2. Capriole’s Bitcoin Heater suggesting the futures market recently reached very bearish levels, not seen since the September 2023 lows at $25K.
3. A Hash Ribbon buy signal just occured.
…and more.
While I put more weight in the aggregate view given by Bitcoin Macro Index, the significance of recent data points, in the context of the typical Bitcoin Halving cycle and recent world events tend me to believe the 2008 Gold scenario is currently in play. To be determined.
Chart Of The Week
The Global money supply, as represented by the top 30 global countries fiat currency supply priced in US Dollars, has broken out a new all time high after nearly four years of consolidation. Provided this trend sticks, we can expect a lot of risk assets to continue repricing to the upside, especially hard assets like Bitcoin.
You can track this chart live, including its year-on-year variant, at Capriole.com/Charts. We also added four new charts there this week.
The Bottom Line
I believe we are at a significant turning point, and likely putting the worst of this cycle behind us with the recent visit of $48K. The last 6 months has been a very challenging period to navigate. There was a lack of signal confluence we noted last issue, significant world market events, massive forced Bitcoin selling, election uncertainty and general chop. I believe this period of market consolidation is coming to a close as we exit summer, and I maintain strong conviction that the next 12 months will be the best time out of the last 3 years to be allocated to this asset class.
Given we still have some fundamental data signal discrepancies today, and we are still awaiting the Monthly close; the conservative position would be to await further bullish confirmations (and potentially Q4) to fully clear what is typically the most bearish period of each calendar year for Bitcoin and risk assets.
A question to ask yourself:
How have you felt about Bitcoin recently?

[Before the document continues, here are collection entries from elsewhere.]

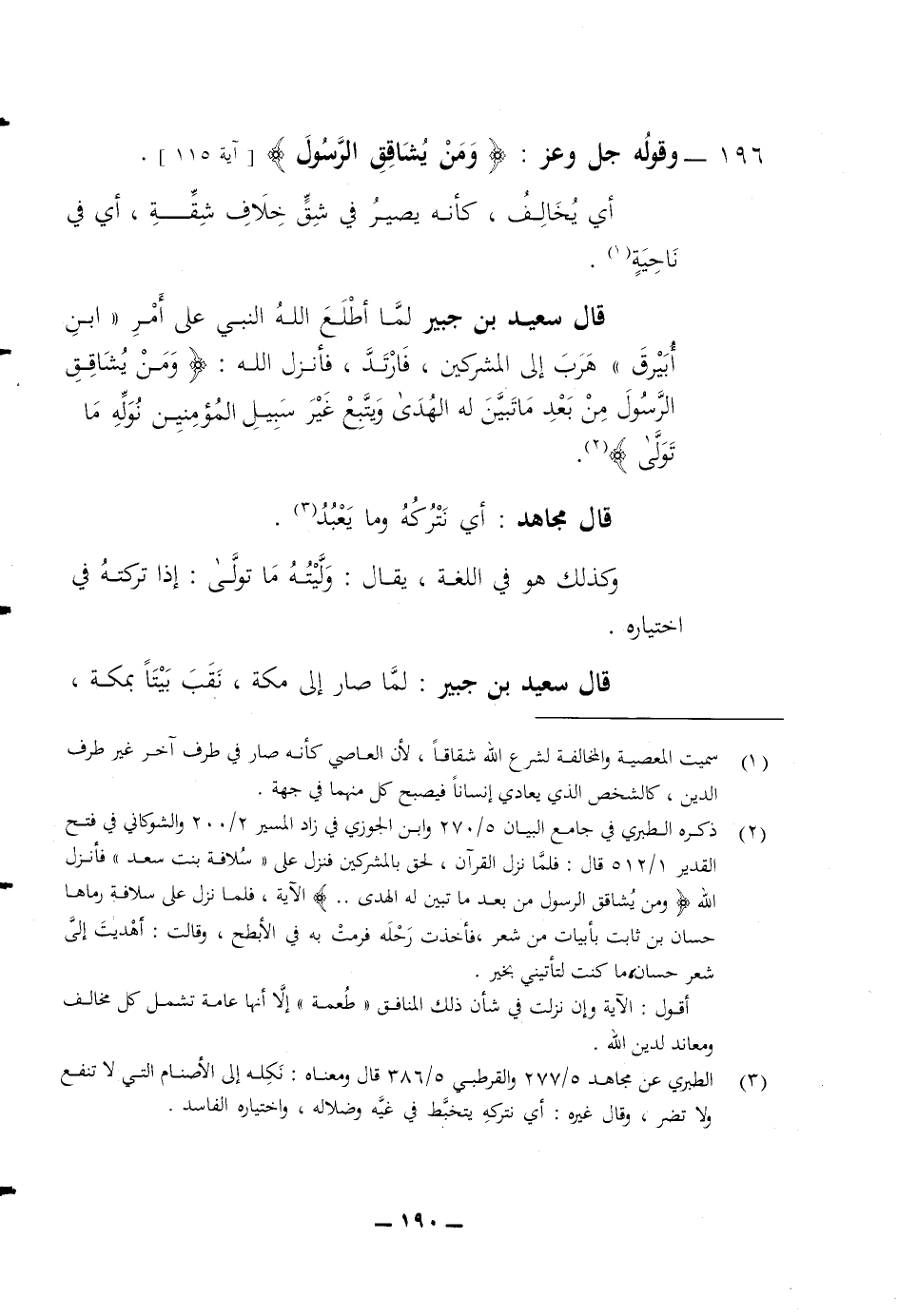 196 وقوله جل وعز (ومن يشاقق الرسول) أي يخالف كأنه يصير في شق خلاف شقة أي في ناحية قال سعيد بن جبير لما أطلع الله النبي على أمر ابن أبيرق هرب الى المشركين فارتد فأنزل الله (ومن يشاقق الرسول من بعد ما تبين له الهدى ويتبع غير سبيل المؤمنين نوله ما تولى) قال مجاهد أي نتركه وما يعبد وكذلك هو في اللغة يقال وليته ما تولى إذا تركته في اختياره قال سعيد بن جبير لما صار الى مكة نقب بيتا بمكة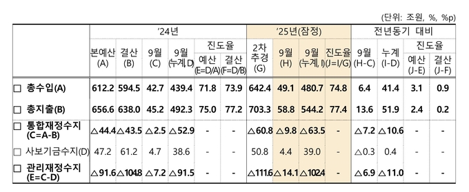 지난해에도 9월 누계 적자 규모가 2023년 대비 21조원 가까이 늘어난 점을 감안하면 나라살림은 2년 연속 이례적인 속도로 악화되고 있는 셈이다.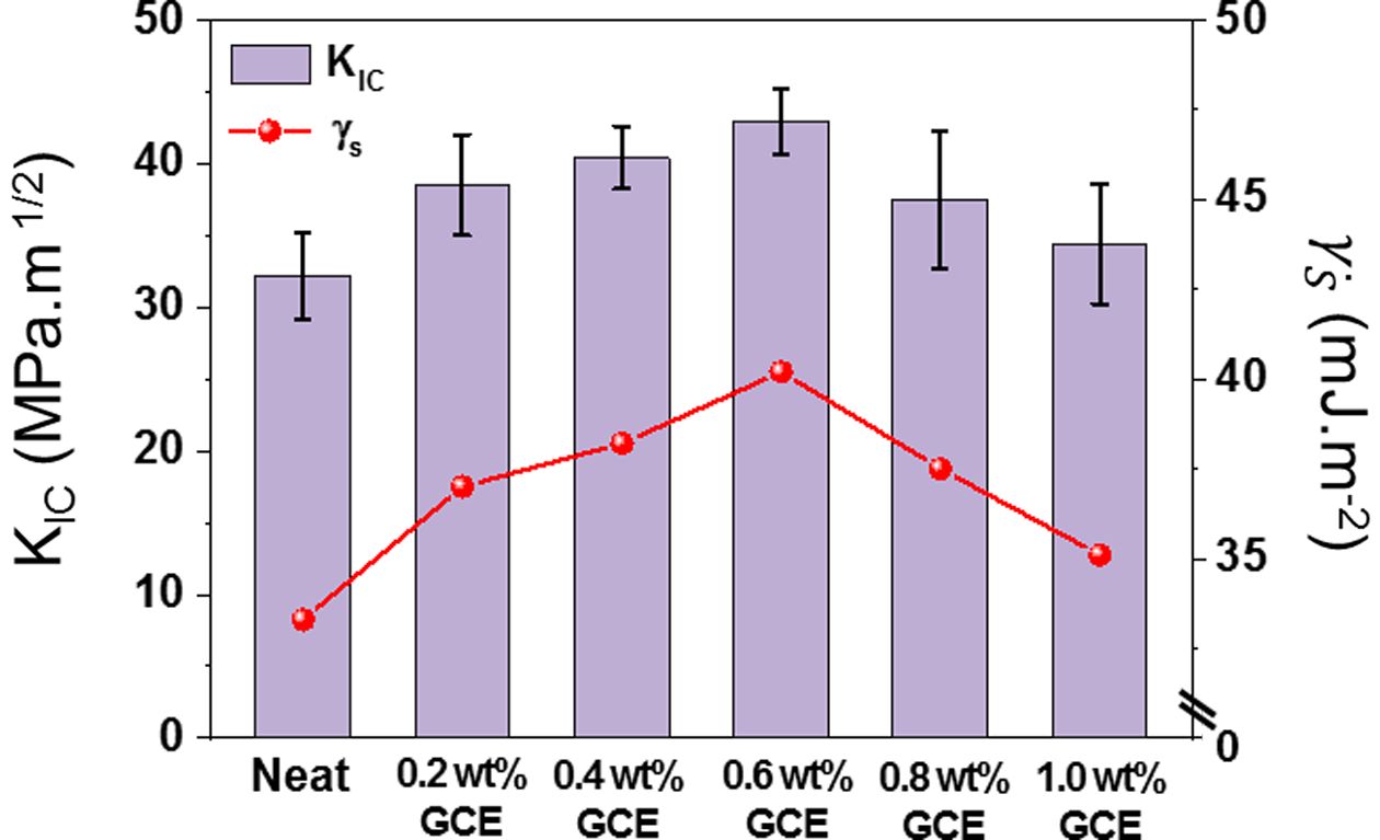 Fig. 8 Correlation between KIC and surface free energy in the interfacial adhesion of GCE composites |

If you are like many people today, you will be quite disenchanted from the last 6 months. Perhaps you are questioning this asset class given the relative strength other assets like Gold and Equities have seen, and perhaps you are even questioning your Bitcoin holdings altogether. From experience we each have these feelings (and see it across social media) near major bottoms. This in itself is not a signal to act upon, but it can be a very useful guide.